Although it’s the most somber of the three structures, the archive is in fact the kernel from which the museum grew. As early as 1915 Harley-Davidson began pulling one model off the production line each year and stowing it away. In the early 1990s the archive was formalized and local author and academic Martin Jack Rosenblum was appointed head archivist. He continued in this capacity until his retirement last year.
“It was a privilege to be involved with Harley-Davidson during those years,” Rosenblum says. “Not only did it represent cutting-edge culture, but it was a company led by visionaries like Jeff Bluestein and Richard Teerlink, who understood the heritage factor from a unique perspective.” Although attempts were made to establish a museum at this time, they never came to fruition. “One of the early plans was to house it near the motor company’s offices on Juneau Avenue, which would not have been as good an idea as the building being opened this month,” Rosenblum continues. “Over the years the design for the Harley Museum developed into something far better than the original intention.”
The dynamic between the company and its employees has also changed. The last couple of years have marked a difficult chapter in Harley history, with strikes in recent years affecting production and contributing to layoffs in its Wisconsin and Nebraska plants. Some might argue that unveiling a $75 million museum at this time isn’t the best move Harley could make, but museum Director Stacey Schiesl disagrees.
“I think there’s a wealth of inspiration for Harley employees as well as people from other businesses to come here and see how you hunker down when things aren’t perfect,” Schiesl says. One of the most pressing issues facing the company is the need to broaden their clientele. Harley’s current ridership is ripening both in affluence and age.
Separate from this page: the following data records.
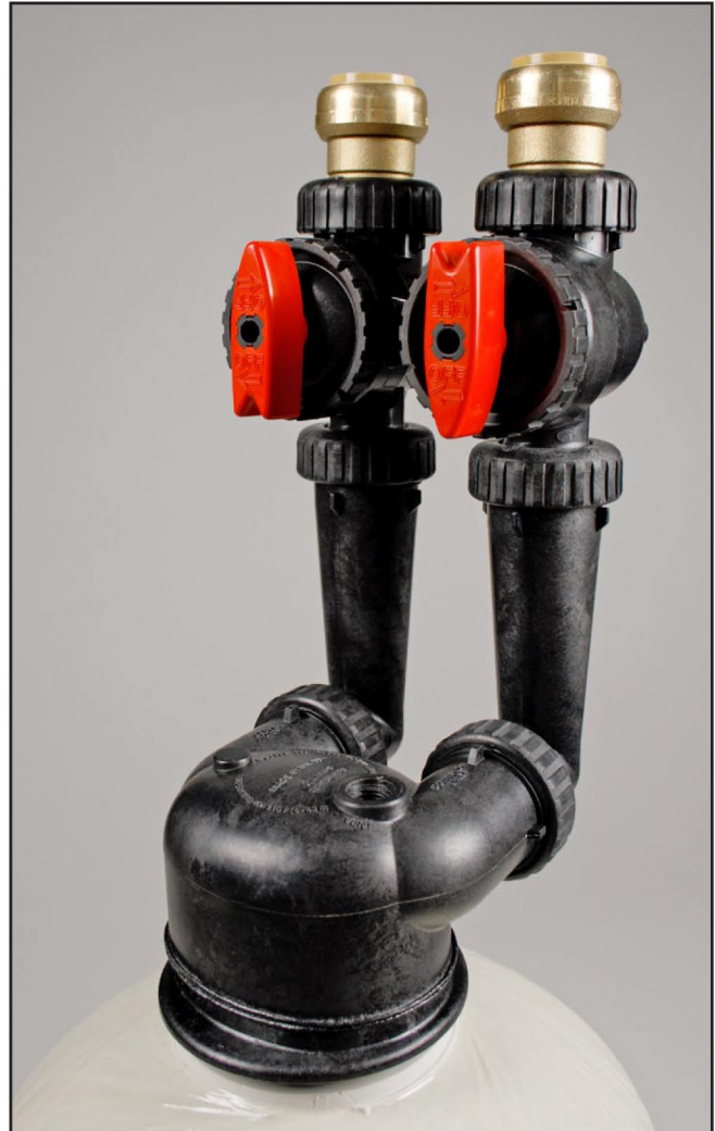
1191 In-Out Head shown with optional V3191-01 Vertical 90° Adapter Kit, V3006 Bypass Assembly and V3007-13 1" SharkBite® Fittings
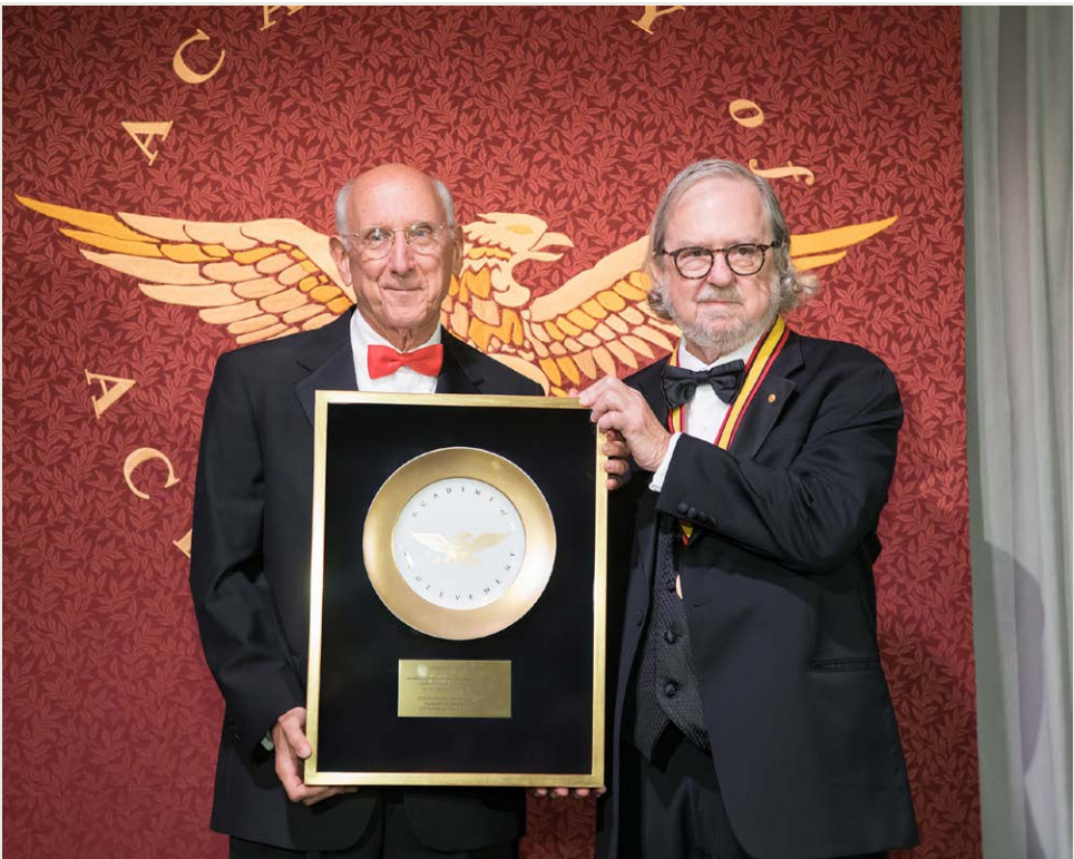
Dr. Steven A. Rosenberg, Chief of Surgery at the National Cancer Institute, presents the Golden Plate Award to Dr. James P. Allison, recipient of the Nobel Prize in Medicine, at the International Achievement Summit in New York.

The photojournalist James Nachtwey has spent his career documenting some of the most harrowing calamities of our times. Nachtwey illustrated his talk with stunning photographs from the world's war zones and disaster areas: the hellish orphanages of communist Romania; a famine-stricken wasteland in Sudan; the epidemic of birth defects in Vietnam, caused by exposure to Agent Orange; the ravages of the opioid epidemic across America; the horrors of war in Iraq and Afghanistan. He hopes that his photographs demystify euphemisms such as "boots on the ground" and "collateral damage." Photography, he said, allows the victims of these tragedies to say, "This happened to us here, in this place." He ended this sobering presentation with the words, "As we share these photos, we bear witness. Let us not forget."
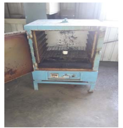
Fig.2.2:Assembly of Bio-oil taken in oven Weight of crucible=80gm Weight of oil with crucible=180gm

Oil taken=300 ml Distillate=166 ml Residue=70ml Overall loss=64ml GC-MS analysis of residue is done and also karl fisher anf calorific value is calculated. 2.Bio-oil taken in oven at 1000C
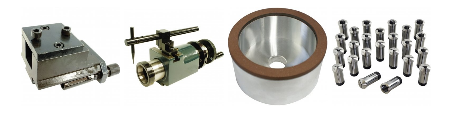
C985 5C Collet Set - 17 Piece

Lathe Tool Grinding Attachment End Mill Grinding Attachment Diamond Cup Wheel 5C Collet Set - 24 Piece
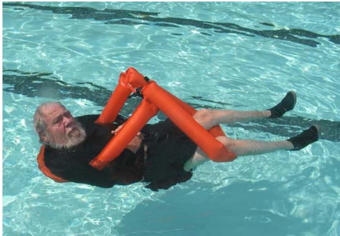
Two sausages snapped together at ends

BCs are great for diving, but not that comfortable at the surface for long immersion or surface swims. The following arrangement made from two six foot safety sausages packs in a small package and makes a very comfortable water bed. No need to wear yourself out treading water.
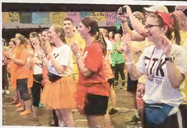
Students dance at the Elonthon fundraiser, 12 years after breaking six figures for the first time.

When Elonthon concluded at 6 p.m. April 14, the Elonthon executive team announced they had raised a total of $452,964.18 — a total of $100,000 more than last year. But this isn't the first time the fundraiser has broken records.
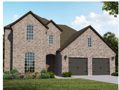
830 May Banks Avenue Available Dec 2023

5 Bed | 4.5 Bath | 2 Story $833,365 | Sq Ft: 3,468
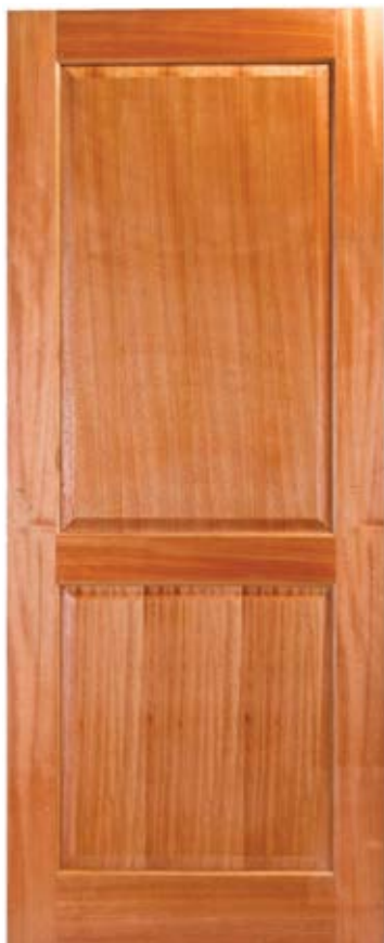
Elite 2 Panel Engineered Meranti Code: ST102

They are no longer the young rebels of yesteryear; many are now mature and established professionals, and as they age there’s a danger that there won’t be another generation of Harley riders to adequately fill their shoes.
In order to address this situation, Schiesl says the goals of the museum are twofold. “We clearly want to strengthen our bonds with existing riders by adding new dimensions to the experience,” she says. “But we also wanted to reach out to new people who are not yet part of the Harley-Davidson family and give them a taste of the adventure and camaraderie and personal expression you get with a Harley.”
Attempts have been made to give the exhibit a contemporary feel by using elements that might appeal to a younger generation, such as interactive touch screens. “From a curatorial point of view, they give depth to the exhibits,” says museum curator Jim Fricke. “But they’re fun from a generational point of view because, for kids, it’s just second nature and they can show their parents how to navigate them.”
Another selling point for a younger generation ofmuse um-goers might be the interactive mechanisms in the engine room that allow viewers to explore how an engine works. Fricke believes the collection of bikes themselves best demonstrates how the future of Harley is strongly tethered to the past. “A lot of what people appreciate about the Harley-Davidson is a modern take on a time-tested design,” he says. “One of the things you see throughout the exhibit is the relationship between what was at that point contemporary culture and things that happened within the motor company.”
Using this lens, he concludes, “You can project where we’re going in the future.”